Party B resigns from or is dismissed by Party A or any affiliate of Party A;

 

  (2)

Party B is dead, without civil legal capacity or with limited civil legal capacity;

 

  (3)

Party B is found with criminal offense or involvement therein;

 

  (4)

A claim is raised against Party B by any third party for an amount exceeding RMB100,000; or


  (5)

Subject to the laws of the PRC, Party A or any of its nominees may make investment in Beijing Perusal for operation of value-added telecommunication services and other services, such as internet information services, and Baidu, Inc. or any of its nominees has elected to exercise its option by issuing a written notice to Party B to purchase the equity interests in Beijing Perusal under the Exclusive Equity Purchase and Transfer Option Agreement referenced in article 4 hereof.

 

  4.

It is agreed and acknowledged that, subject to and to the extent permitted by the laws of the PRC, Baidu, Inc., as the holding company of Party A, shall have the right but no obligation to purchase or nominate any other person (including any natural person, legal entity or other entity) to purchase all or any part of the equity interests in Beijing Perusal held by Party B (the “Call Option”), provided that Baidu, Inc. shall issue a written notice to Party B to exercise the Call Option. Upon Baidu, Inc.’s issuance of such written notice, Party B shall, as requested and instructed by Party A, immediately transfer all of its equity interests in Beijing Perusal to Baidu, Inc. or any of its nominees at the original investment price (the “Original Investment Price”) or any other price acceptable to Baidu, Inc. required under applicable laws.
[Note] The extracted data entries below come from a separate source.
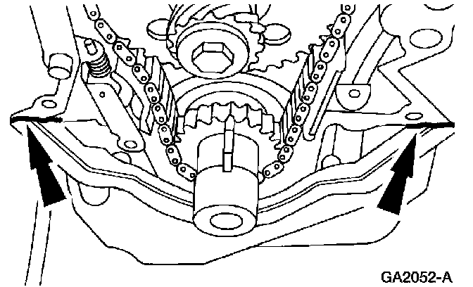 3. Install the engine front cover gasket and apply a small amount of silicone gasket and sealant as shown.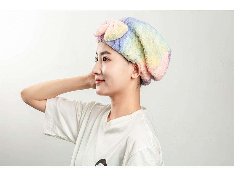 Gorro de secado de cabello engrosado de doble capa transfronterizo, gorro de secado de cabello absorbente de agua y de secado rápido, turbante estampado de dibujos animados lindo de estilo coreano al por mayor
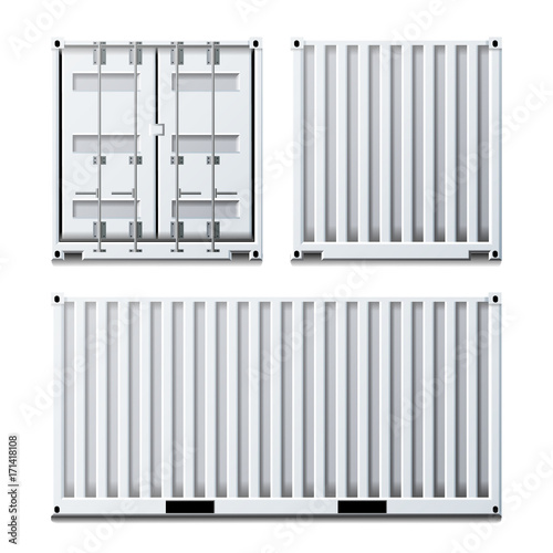 White Cargo Container Vector. Classic Cargo Container. Freight Shipping Concept. Logistics. Isolated On White Background Illustration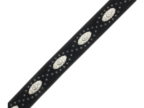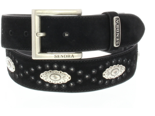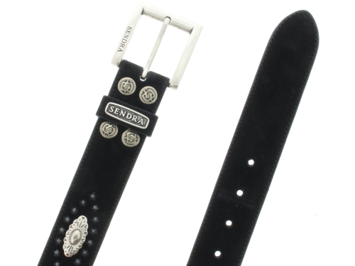 Black suede women's belt by SENDRA. The belt is made with matt silver metallic stars around the oval silver decoration. The size is 5 cm smaller than normal. So someone with size 90 cm needs the 95 cm from Sendra. The belt is available in different sizes.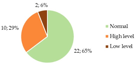 Normal AMH levels (4–6.8 ng/mL) were found in 5 (15%) participants, the lower threshold of normal (2.2–4 ng/mL) in 7 (21%), low (0.3–2.2 ng/mL) in 9 (26%), very low (<0.3 ng/mL) in 10 (29%), and high (>6.8 ng/mL) in 3 (9%) (Figure 5).
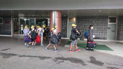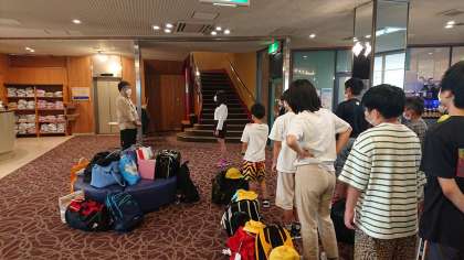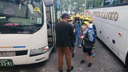 退館式でホテルの方にお礼を言って、バスに乗り込みました。大塚美術館に向けて、出発です。
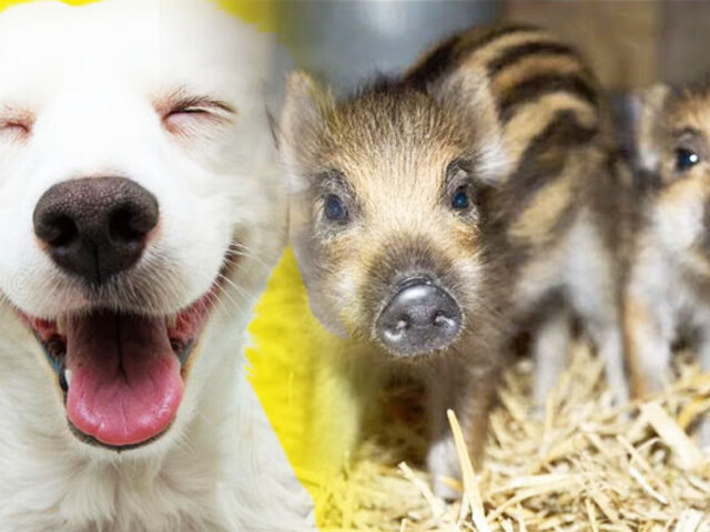 Amor viral: Perrita adopta dos pequeños jabalíes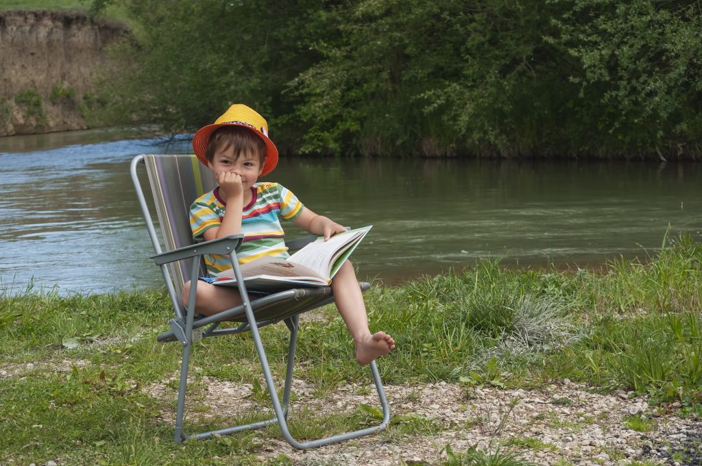 4-latek z książką na leżaku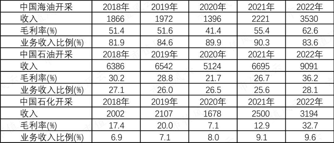 从上面表格也得知(不考虑业务抵消),石油开采业务贡献的收入,中国海油的比例最高,而中国石化最低:2022年中国海油、中国石油、中国石化勘探及开采业务收入占比分别为83.6%、28.1%、9.6%。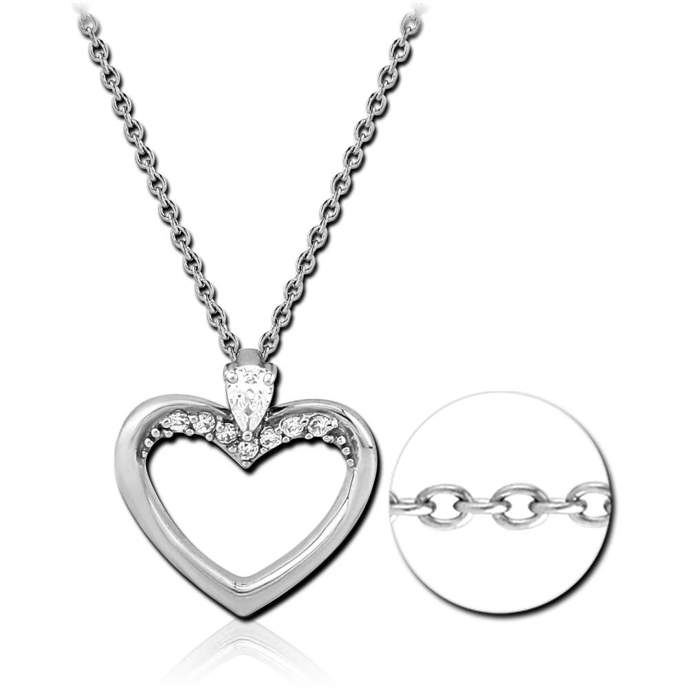 SURGICAL STEEL JEWELED NECKLACE WITH PENDANT – HEART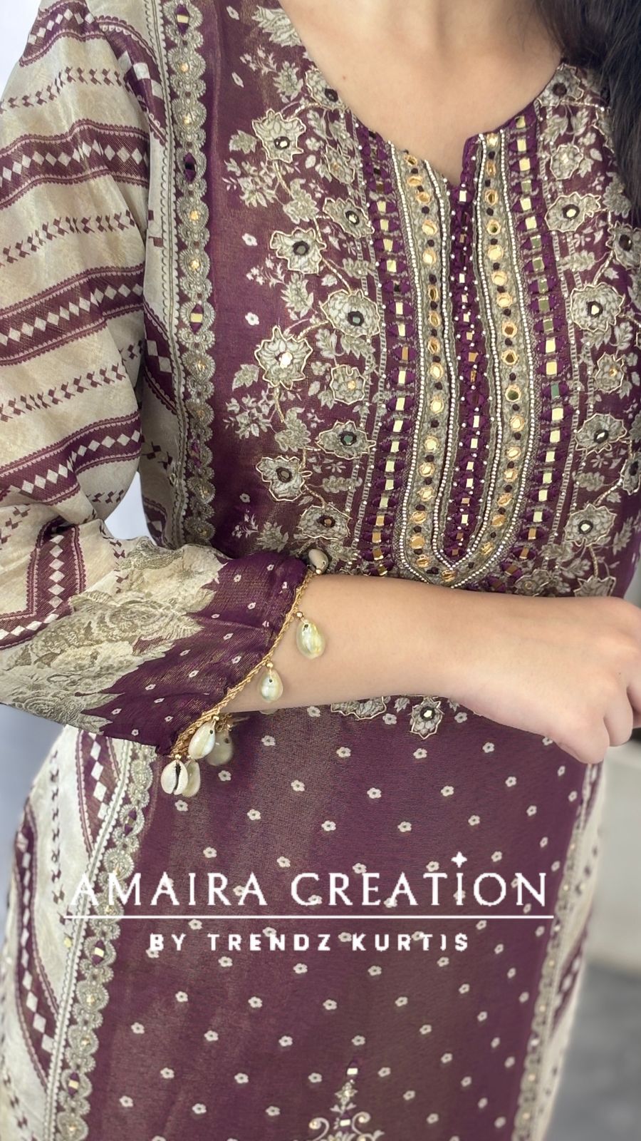 Premium Glass Tissue Bandhni Print Wine Colour Pant Set
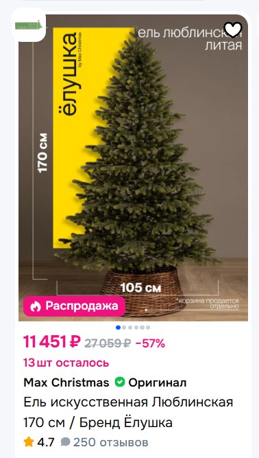Ого, вот это цена! Ель искусственная Max Christmas «Люблинская», 170 см - всего 5379₽. Обычно такие от 11 тысяч стоят, так что очень жирное предложение.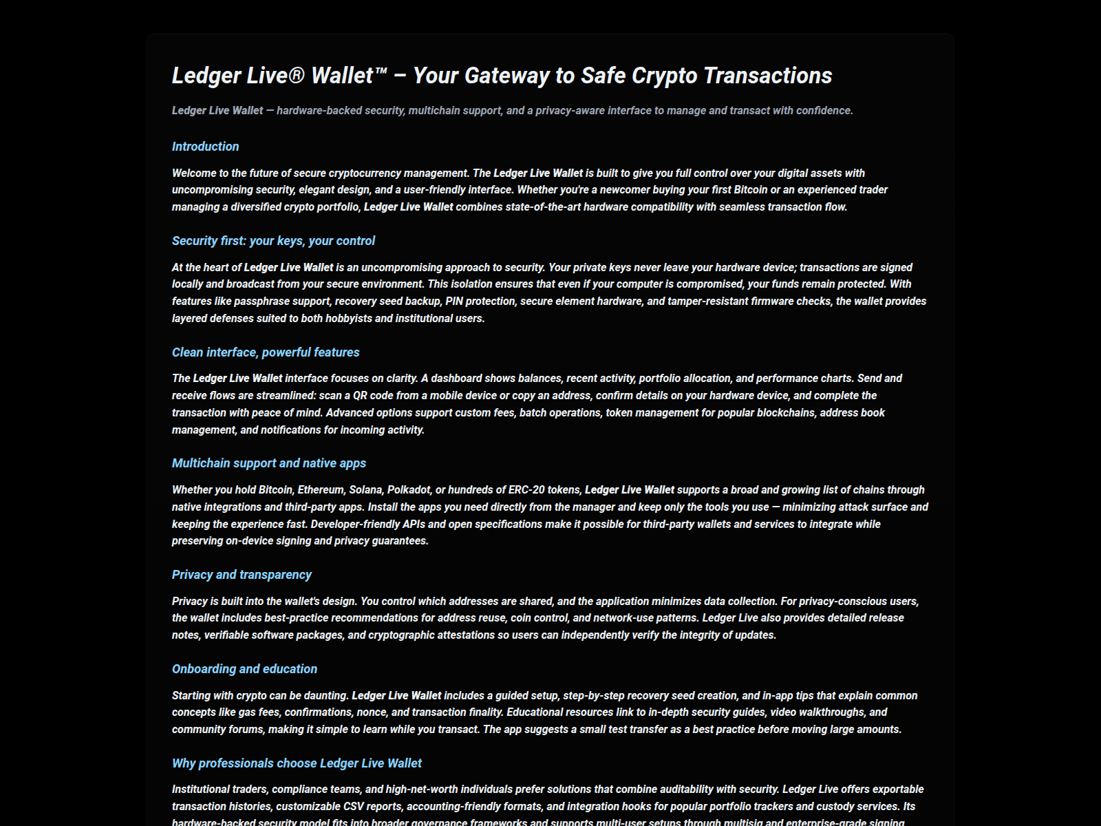- Use a hardware wallet (Ledger, Trezor). Never store large amounts in browser wallets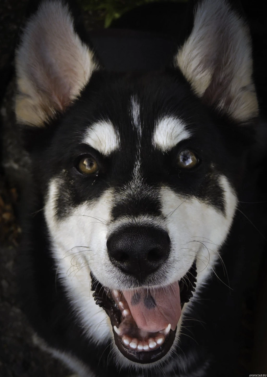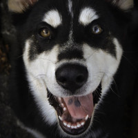 looking dog, likely a husky or similar breed, with a mix of white and black fur. Its ears are perked up and its mouth is slightly open as if it's panting or smiling. It appears to be standing in
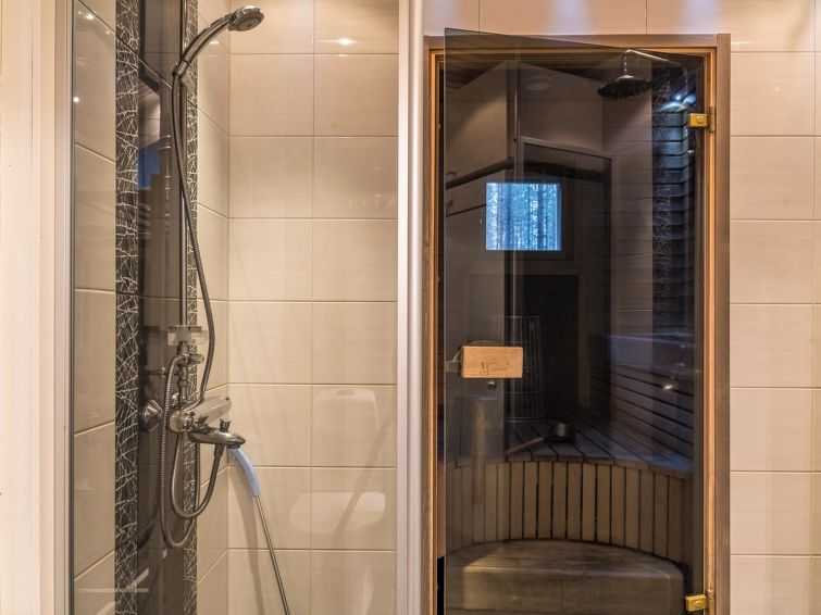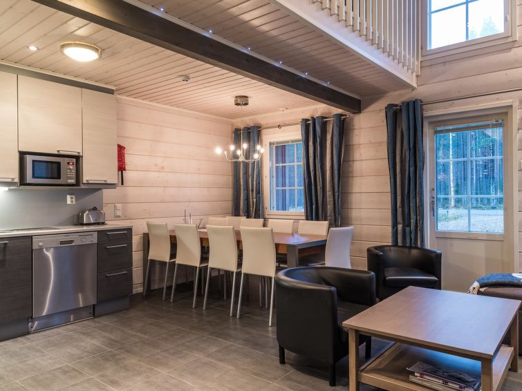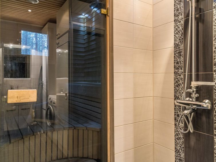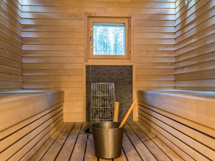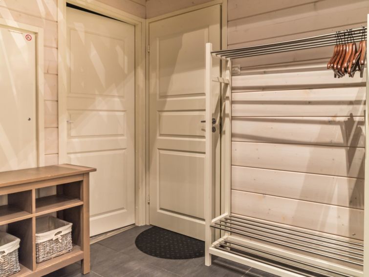 Ski maintenance room available in the yard house, distance 50 m. One half (apartment) of semi-detached house unit in peaceful area, yet close to all Levi services. Nearest ski slope is West Point 300 m, Levi Black competition slope and gondola ski lift 1.3 km, South-Point ski resort 2 km.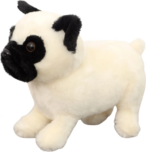 Aranyos plüss mopsz fehér 19 cm nagyszerű társ és dekoráció. Puha, biztonságos anyagból készült gyermekek számára.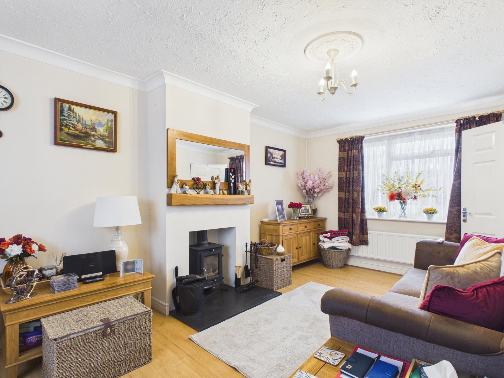 LOUNGE 18’5” x 10’3” max. (5.62m x 3.14m max.) Feature multi fuel fire with timber mantle over and slate hearth. 2 radiators. TV aerial point. Dual aspect double glazed windows. Laminate flooring. Understairs cupboard.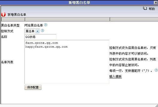 1. 在“監(jiān)控配置 -> 黑白名單配置”新增一個屏蔽QQ農(nóng)場的網(wǎng)站黑名單,如下圖所示: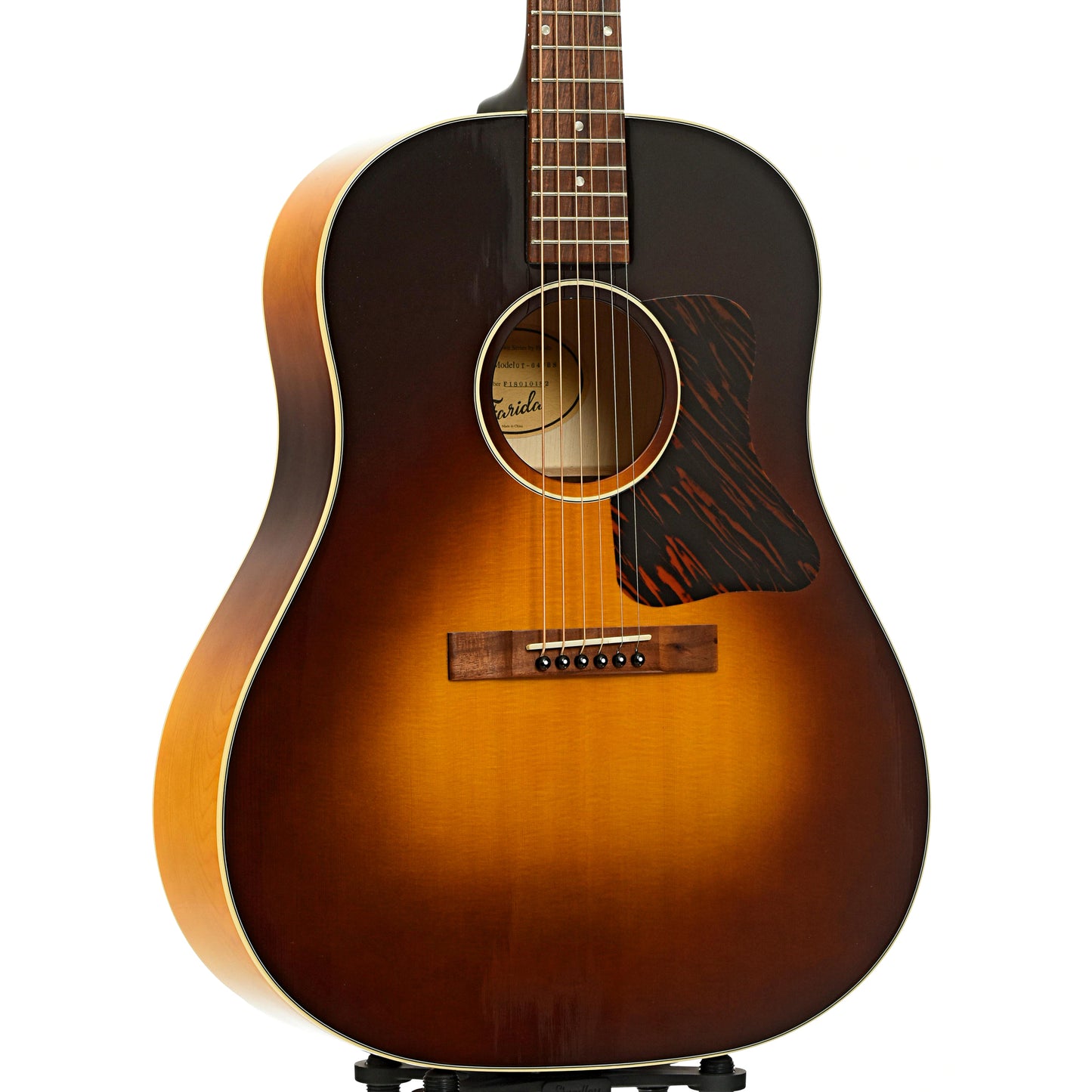 This excellent OT-64 VBS acoustic has a gloss sunburst finish on a solid Sitka spruce top, maple back and sides, and a nato neck. This guitar has both the look and the sound of a coveted vintage instrument. Features include an acacia fingerboard and bridge, and vintage-style 3-on-a-plate tuners. Love at first strum! NO CASE. Import.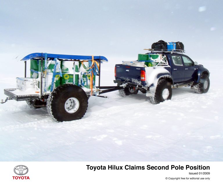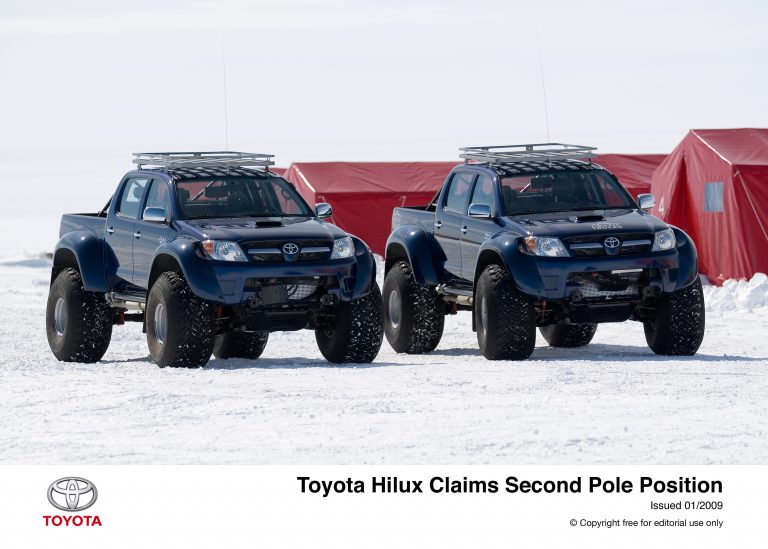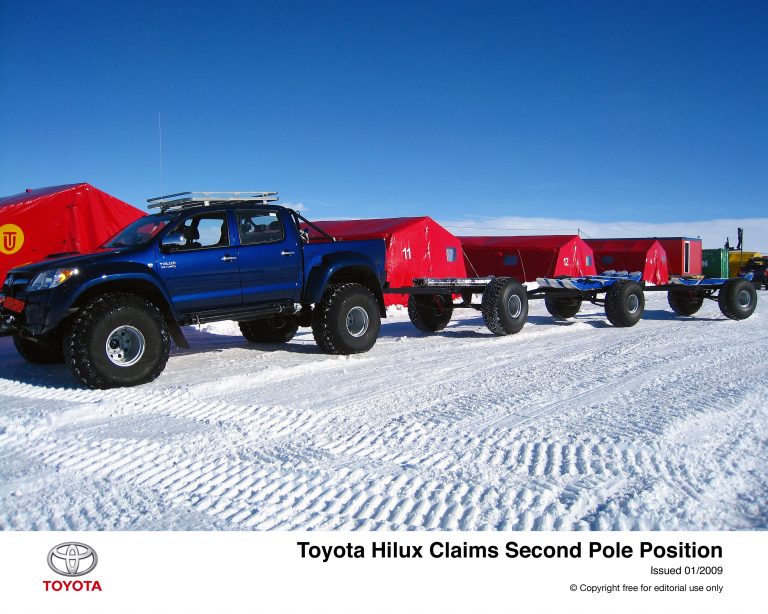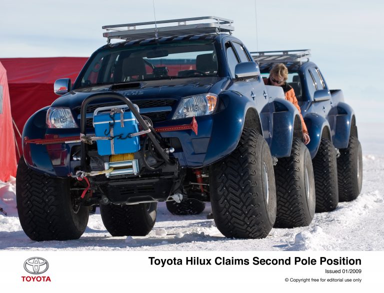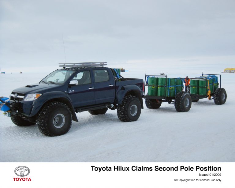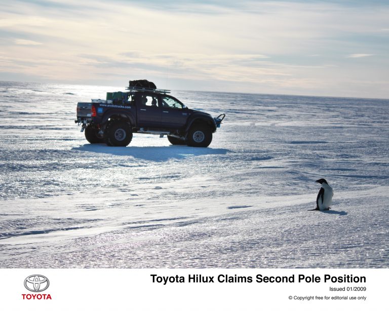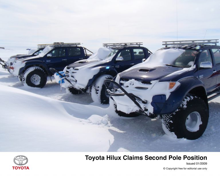 Is there no driving challenge beyond the scope of Toyota’s mighty Hilux? The legendary pick-up has completed a journey across Antarctica to the South Pole, further proving the go-anywhere qualities that helped it become the first car to be driven to the Magnetic North Pole in the 2007 Top Gear Polar Challenge.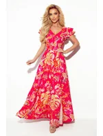 Dlouhé šaty s výstřihem a volánky na ramenou. Šaty v růžové barvě s květy a listy. Značka numoco. Vyrobeno v Polsku.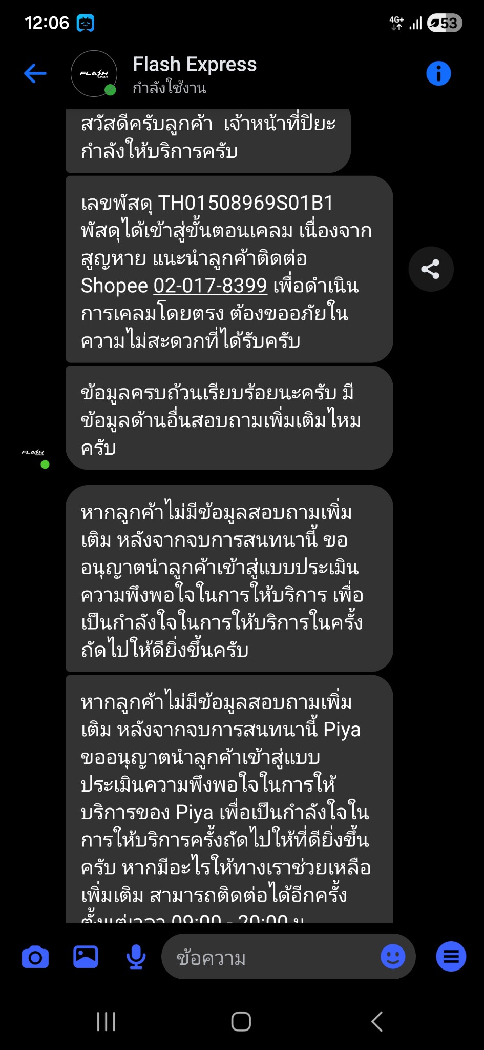 Flashว่าพัสดุหายให้แจ้งทีมกับ shopee แล้ว shopee ก็บอกให้แฟตต้องยืนยันว่าสูญหายจริงก่อน

It is agreed and acknowledged that upon exercising the Call Option by Baidu, Inc., if the lowest price of the equity interests permitted under applicable laws is higher than the Original Investment Price, the price payable by Baidu, Inc. or any of its nominees shall be the lowest price permitted under applicable laws. The Parties agree to enter into an Exclusive Equity Purchase and Transfer Option Agreement with respect to the foregoing in this Article 4.

 

  5.

It is agreed and acknowledged that Party B shall repay the loan only as follows: upon its maturity and at the request of Party A in writing, the loan provided hereunder shall be repaid by Party B (or any of its heirs, successors or assigns) with the proceeds from transfer of its equity interests in Beijing Perusal to Baidu, Inc. or any of its nominees to the extent permitted under the PRC laws, or otherwise agreed by the Parties.

 

  6.

It is agreed and acknowledged that in connection with transfer of the equity interests by Party B to Baidu, Inc. or any of its nominees upon maturity of the loan, if the proceeds from such transfer are legally required to or otherwise exceed the principal of the loan, Party B agrees to pay such excess amount, net of any individual income tax and other taxes and fees payable by Party B, to Baidu, Inc. or any of its nominees at sole decision of Baidu, Inc. to the extent permissible by the law.

 

  7.

It is agreed and acknowledged that Party B shall not be deemed to have fulfilled its obligations under this Agreement until:

 

  (1)

it has transferred all of its equity interests in Beijing Perusal to Baidu, Inc. or any of its nominees; and

 

  (2)

it has paid to Party A all of the proceeds from the equity interest transfer or the maximum amount thereof permitted under applicable laws (including principal and the highest interest accrued thereupon permitted under applicable laws) as repayment of the loan.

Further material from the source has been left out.